Alors déjà, j’ai beaucoup de mal à réaliser. Il n’y a pas longtemps, tu vois, on m’a arrêtée dans la rue et on m’a dit « Ah, mais t’es la loutre du SEO » et là, j’étais en mode « Je crois que ce que je fais, ça a de l’impact, mais pas que sur Internet. » Pareil, mon nombre d’abonnés, moi, me fait toujours bugger. Je me dis « Mais je ne comprends pas comment il y a 100 000 personnes qui s’intéressent en SEO. » Genre, j’ai l’impression d’avoir hacké quelque chose.

Et en même temps, le « Pourquoi », je l’ai, tu vois, je le comprends, je comprends aussi ce que je véhicule. Mais il y a toujours cette… Ça me dépasse totalement. C’est complètement dingue et j’en suis très, très reconnaissante. Mais il y a une part de moi aussi qui ne réalise pas encore l’impact que ça a. Et c’est ce qui aussi, je pense, me permet de rester très ancrée, très authentique.

Est-ce qu’il y a des zones où je pense que je joue encore petit? On va plus dire que j’apprends encore beaucoup. Et il y a une zone où je joue petit volontairement, c’est le recrutement de mon agence. Volontairement, je ne recrute pas beaucoup et je recrute vraiment un peu au compte-gouttes. J’ajoute un talent de temps en temps, volontairement parce que je ne veux pas devenir une agence-usine. J’ai aussi envie de maîtriser ma culture et ma vision de boîte.
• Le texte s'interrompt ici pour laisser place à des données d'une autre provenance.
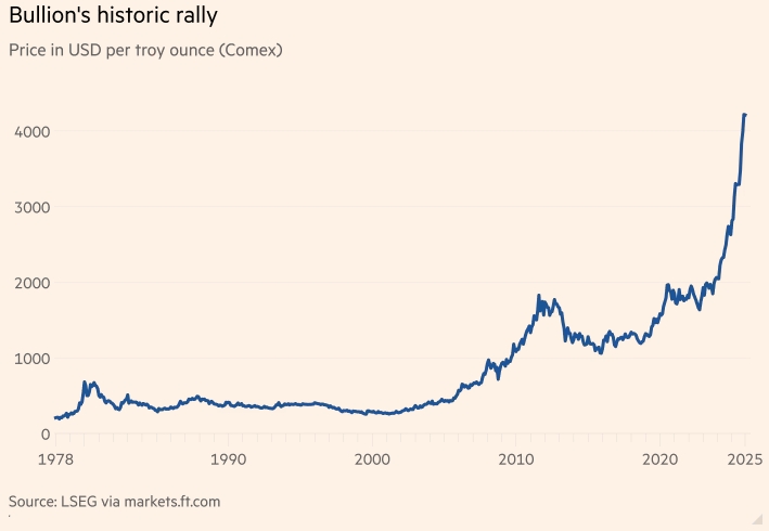 История знает циклы подъёмов и спадов на рынке золота, включая 1980 год, когда цены достигли пика из-за инфляции и нефтяного кризиса. После финансового кризиса 2008 года цены также выросли и достигли максимума в 1830 долларов за унцию в сентябре 2011 года, после чего снизились на 30% в течение следующих двух лет.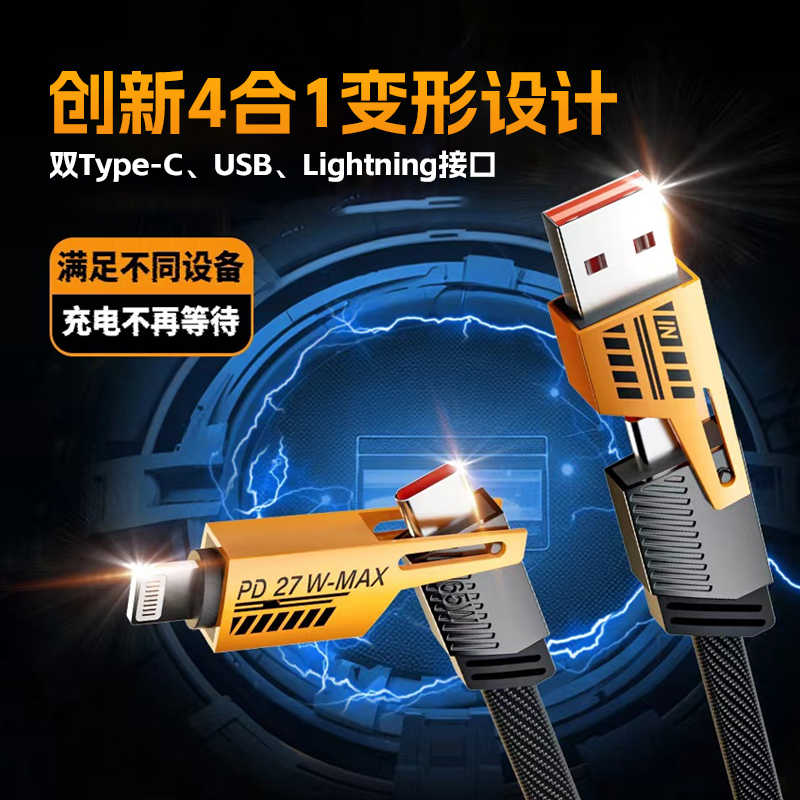 君用车载65W四合一快充数据线PD27W适用华为苹果小米Vivo手机安卓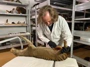 Kevin Rowe lagert im Museums Victoria in Melbourne 32 Exemplare ausgestorbener Beutelwölfe.Bild: © Herbert Ostwald/autentic / ZDF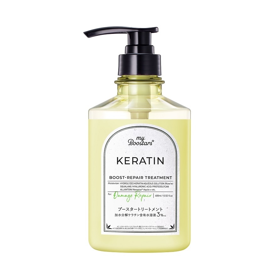 KERATIN BOOST-REPAIR FORMULA REPAIRS DAMAGE AND LEADS TO LUSTROUS, RESILIENT HAIR FROM WITHIN.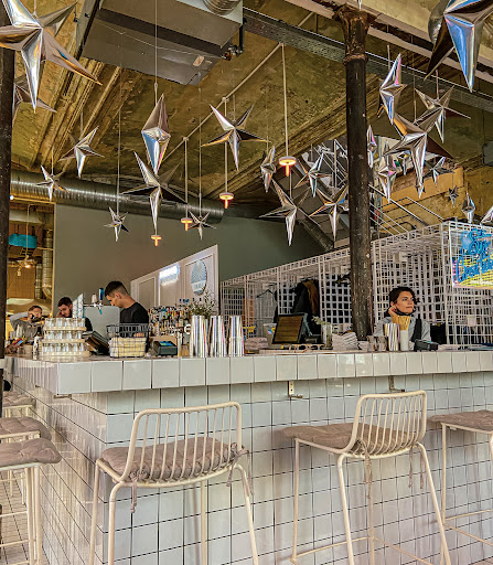 Convivial restaurant & bar serving global meals, drinks & weekend brunch in an industrial setup.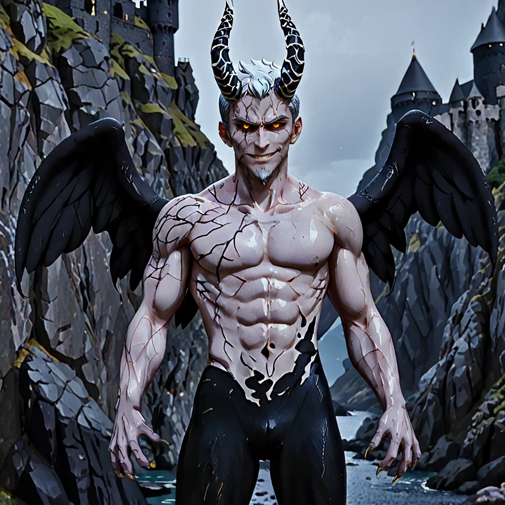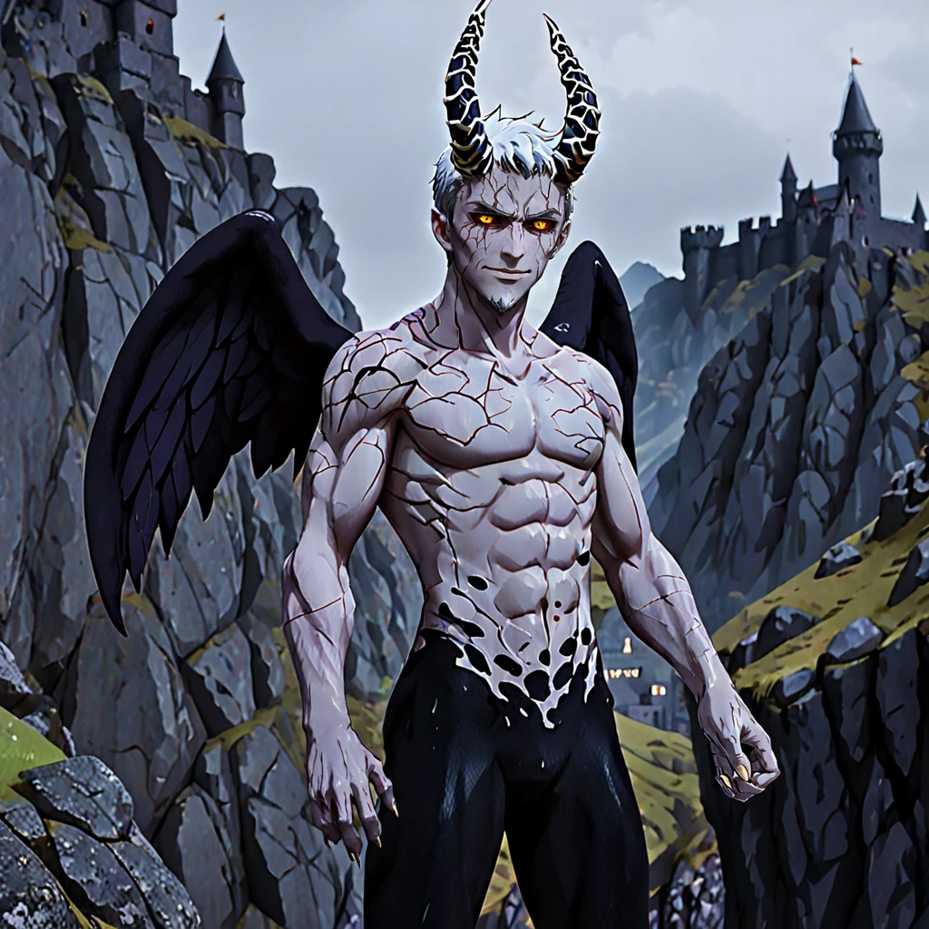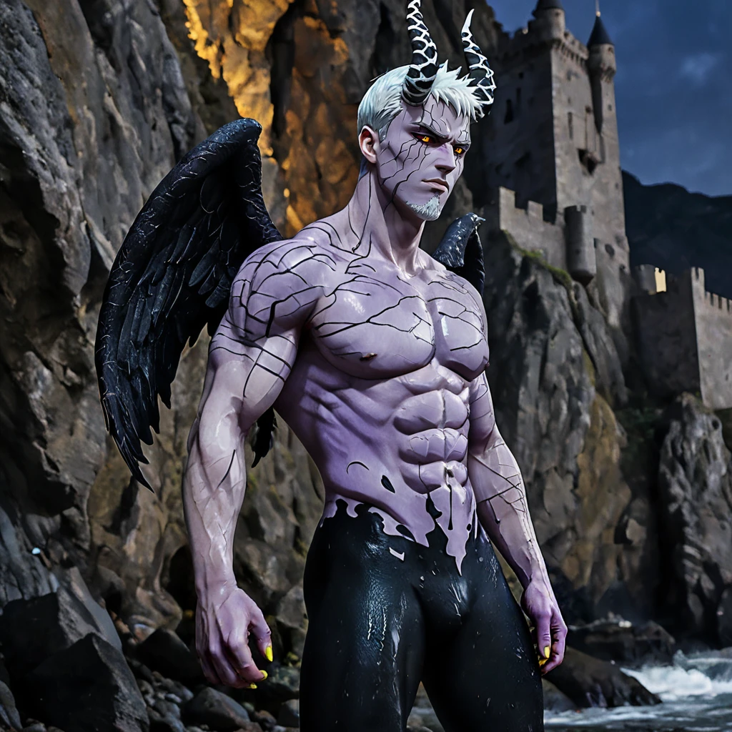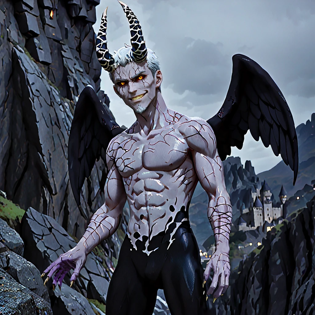 hendrickson_demonform, male, fantasy character, red eyes, red sclera, yellow pupils, black wings, black cracked skin, (purple skin:1.4), (white and black patterned horns), (extreme short white hair:1.3), small white goatee, (black legs:1.5), yellow toenails and fingernails

C’est hyper important que toutes les personnes à mes côtés, déjà, elles croient en moi. Je ne dis pas qu’elles valident tout ce que je fais, mais qu’elles croient en moi et qu’elles croient en ma vision. Je suis une femme, j’entreprends, je suis dans un milieu masculin où on se fait beaucoup tabasser et où je suis extrêmement critiquée. Il faut que les personnes autour de moi, elles soient en mode bouclier. Et surtout, cette vision du SEO sans migraine, il faut que je m’assure que chaque personne autour de moi la partage parce que si demain, on dit à un client un mot super complexe, on se décrédibilise complètement.

Il y a très peu de femmes dans le SEO qui prennent autant la parole que toi sur justement la place des femmes dans ce milieu-là. Est-ce que tu ressens une responsabilité même si tu n’as pas demandé à être un modèle?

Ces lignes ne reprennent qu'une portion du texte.